* Exercise requirements
Set down the data again exactly. Pictures are not part of the copy.

The data Start Marker

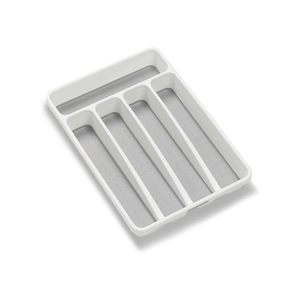 La bandeja para cubiertos pequeña en color blanca organiza los cubiertos en cinco compartimentos diseñada para adaptarse a cajones pequeños. Cuenta con esquinas redondeadas para facilitar la limpieza, forro antideslizante gris y topes de goma antideslizantes para mantener las cosas en su lugar. Hecho de plástico de alta calidad sin BPA.
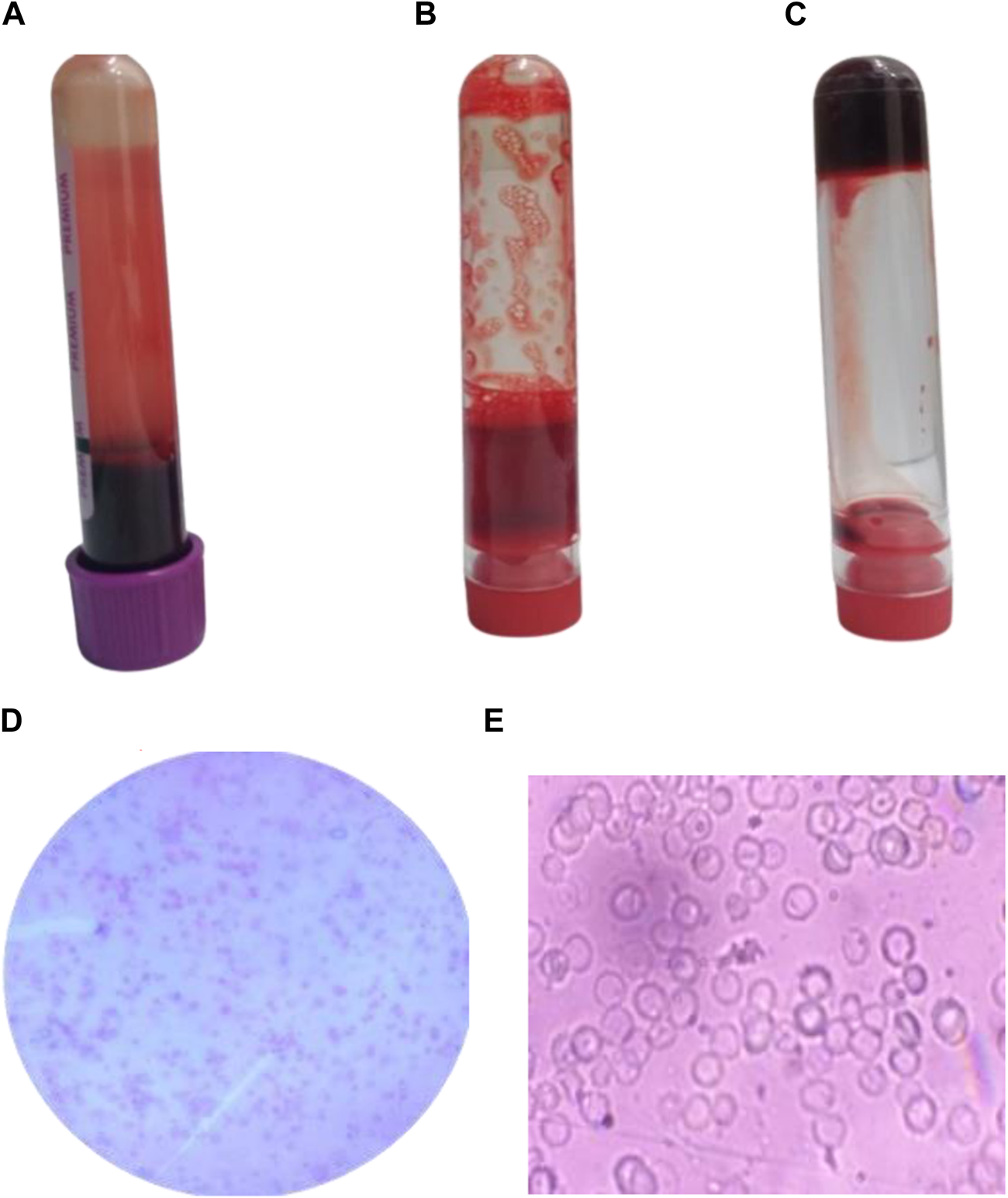 Anticoagulant activity of Ag/Ag2O NPs synthesized using O. europaea: (A) Blood sample in EDTA tube, (B) Blood sample treated with 150 ppm Ag/Ag₂O NPs, (C) Blood control samples without any additives, (D, E) Microscopic examination of blood samples treated with 150 ppm Ag/Ag2O NPs.
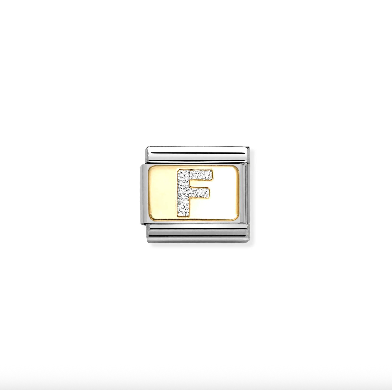 Nomination F Glitter Letter Charm in Stainless Steel with Enamel & 18k Gold
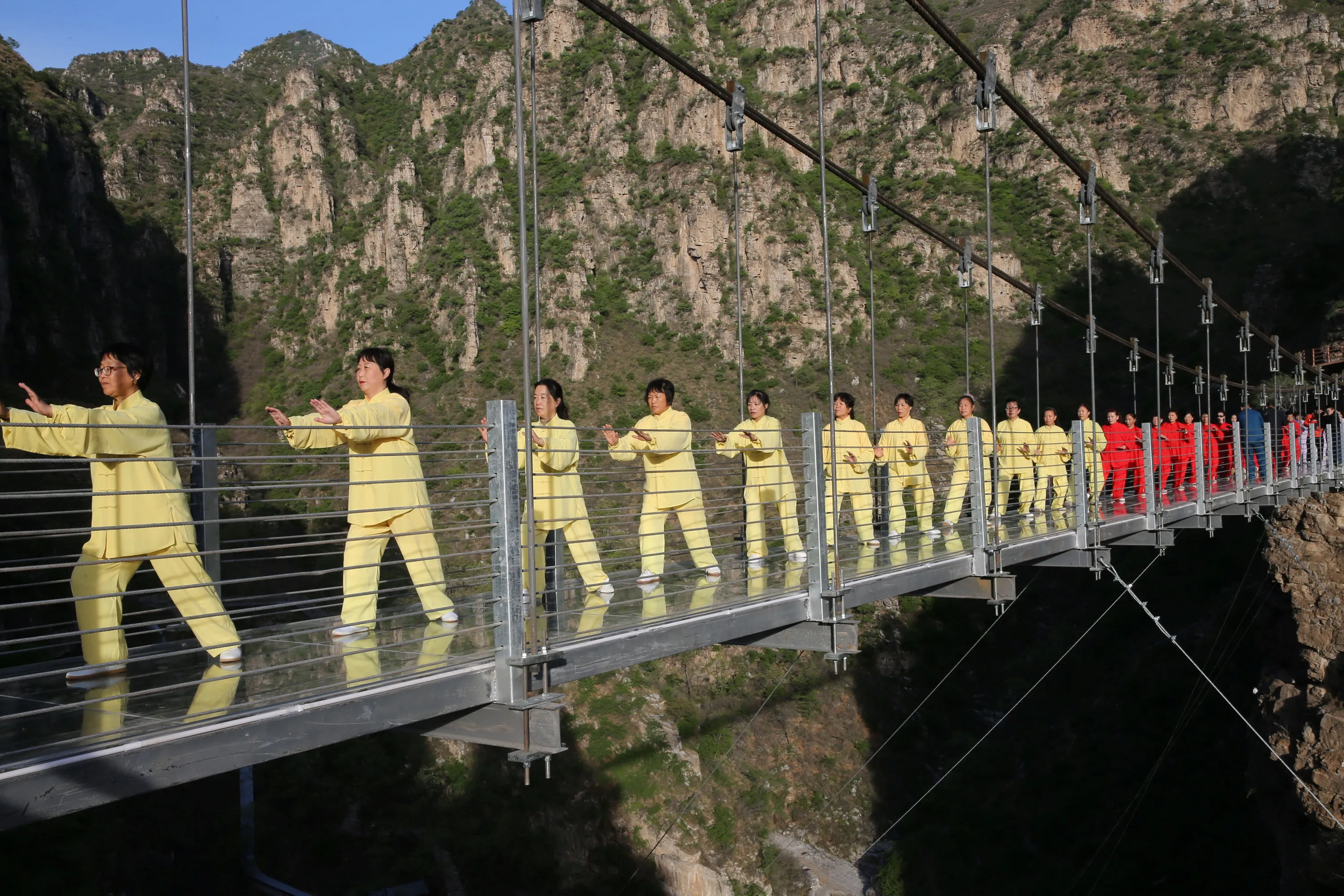 People practise tai chi on a suspension bridge in Beijing, China on April 23, 2017. (Photo by Reuters/China Stringer Network)

The data End Marker

* Output
 La bandeja para cubiertos pequeña en color blanca organiza los cubiertos en cinco compartimentos diseñada para adaptarse a cajones pequeños. Cuenta con esquinas redondeadas para facilitar la limpieza, forro antideslizante gris y topes de goma antideslizantes para mantener las cosas en su lugar. Hecho de plástico de alta calidad sin BPA.
 Anticoagulant activity of Ag/Ag2O NPs synthesized using O. europaea: (A) Blood sample in EDTA tube, (B) Blood sample treated with 150 ppm Ag/Ag₂O NPs, (C) Blood control samples without any additives, (D, E) Microscopic examination of blood samples treated with 150 ppm Ag/Ag2O NPs.
 Nomination F Glitter Letter Charm in Stainless Steel with Enamel & 18k Gold
 People practise tai chi on a suspension bridge in Beijing, China on April 23, 2017. (Photo by Reuters/China Stringer Network)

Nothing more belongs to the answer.